Our last day part 1 - Fromelles and Passchendaele

We use the quiet time after breakfast to pack our suitcases given we travel home tomorrow and it will be late by the time we return tonight. The phone rings and it is the tour operator with a questionable story about not being able to take us today. Her car is not safe, and a tyre needs replacing, and it will take several hours, and, and... Fortunately another battlefield guide has agreed to absorb us into his group at the last minute. The operator promises to call me at lunchtime to make sure everything is going okay... it's a call that never comes.

After Ken's quiet and measured delivery yesterday, it is a bit of a shock to the system when we meet Phil. He's loud, extremely ocker and very much a showman. It's a bit grating at first but he proves himself just as knowledgeable and has amazing energy to look after such a big group for what turns out to be a 12-hour day. Yesterday our group of four spread out in an 8-seater van. There is no such luxury today. The van is the same size but it is full so we are squeezed uncomfortably into the back and must clamber in and out over seats all day. The car is followed by a coach with three generations of an Australian extended family. At every stop our group swells to around 20 people so it gets a bit noisy and crowded. 

It is a full day, we cover plenty of ground and familiar place names and events finally assume greater meaning as we witness the landscapes for ourselves. Our first stop continues on from the sites in the Somme that we saw yesterday. At the Beaumont-Hamel Newfoundland Memorial, the trench lines and battlefields have been preserved. Unlike elsewhere in the region where the ground has been filled in and levelled, the extreme undulations from artillery bombardment are still evident even though the forest is reclaiming the ground. 

WWI preserved battlefield
Pockmarked earth is all that remains of this WWI battlefield
It's still possible here to see just how close the enemy lines were. I expect to feel misery, hurt or some other lingering negative presence from the hell that happened here, and yet surprisingly there is only peace. It's a feeling that pervades all the sites we visit and is what I end up taking away with me from these two days touring battlefields. Perhaps it is the great deference with which the dead are remembered and tended, or the way Nature is reclaiming all of these sites, but there is only peace now. In the morning sunshine, the trench remnants now dance with only wildflowers and butterflies.

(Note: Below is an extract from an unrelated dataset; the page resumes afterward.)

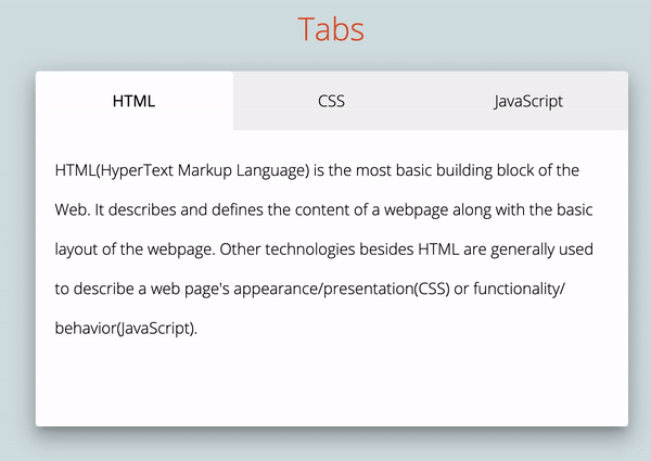 ์์ ๊ฐ์ด Tabs-Content๋ฅผ ๋ง๋ค ๋ ๊ฐ Tab์ ๋๋น๋ 200px๋ก ์ผ์ ํ๊ณ ๋ฐ์ค ๋ด์ ๋ค์ด๊ฐ๋ Tab์ ๊ฐ๋ณ์ ์ด๋ค.์ฆ, CSS ์์์ Width์ ๊ฐ์ ์ ์ ์ผ๋ก ์ฃผ๊ฒ ๋๋ฉด ์ ์ ์ธ Tabs๋ฅผ ๋ง๋ค์ง ๋ชปํ๋ค.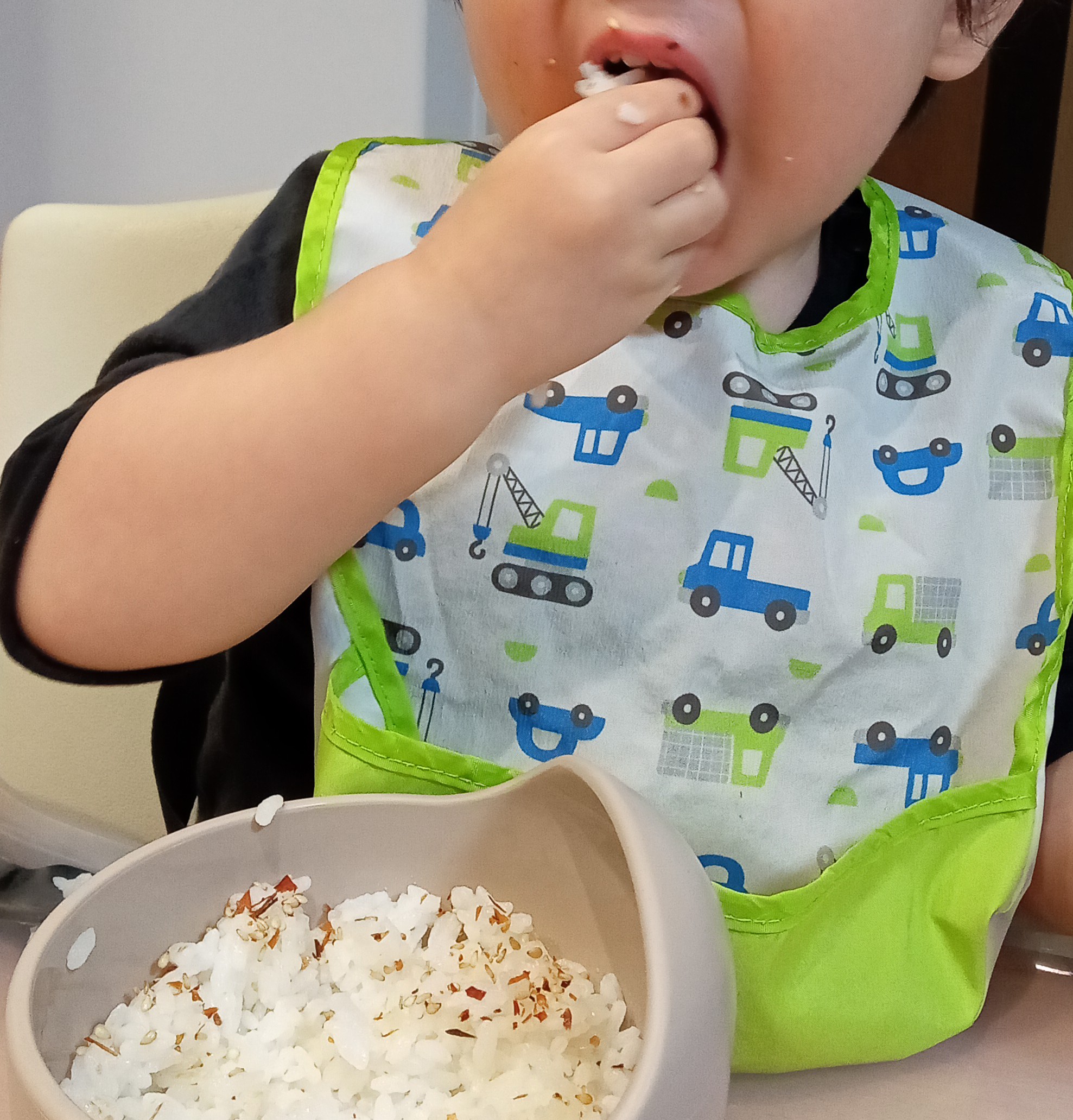 ふりかけをかけた途端練習中のスプーンは机に置き、手づかみで爆食いし始めました(笑)

The earth doesn't entirely forget though and there are still plenty of reminders of WWI littered across the landscape, even though a century has passed. Phil stops the car near a paddock and we walk across the ploughed field to what is left of a concrete bunker. As we see throughout the day, the landscape is littered with concrete bunkers, old field hospital sites, overgrown tracks and shrapnel. Apparently millions of unexploded munitions still remain buried in the soil here. Constantly ploughed fields have largely been cleared over the decades but new machinery digs deeper and in recent years close to 300 tons a year has been unearthed. Farmers have become blasé about it and accept it as part of farming in this region, but there are still fatalities every year from unexploded WWI bombs. You can read more about the lethal relics of WWI here.

Grave of an unknown soldier
At the Pheasant Wood Cemetery

We continue the drive north and stop at the Pheasant Wood Cemetery near Fromelles. It was here in July 1916 that British and Australian forces attacked a German stronghold in the hope the 'diversion' would stop the Germans sending reinforcements to the Battle of the Somme. It failed dismally and German machine gunners wrought terrible devastation. The Australian Fifth Division suffered over 5,500 casualties in a single day. For what? The Germans continued to supply the front lines in the Somme unimpeded.

In more recent times, in 2007, an amateur Australian historian discovered the burial sites of 250 mostly Australian soldiers in Pheasant Wood. They were reinterred at the cemetery. Now more than half have been identified and have a named headstone. Hopefully the others will soon find their names too. 


'Cobbers' sculpture
'Cobbers' by Peter Corlett

We travel to VC Corner where 410 lie buried in two mass graves, and the names of the Fromelles dead with no known grave are etched onto the wall. At the adjacent Australian Memorial Park, stands the beautiful bronze statue, 'Cobbers'.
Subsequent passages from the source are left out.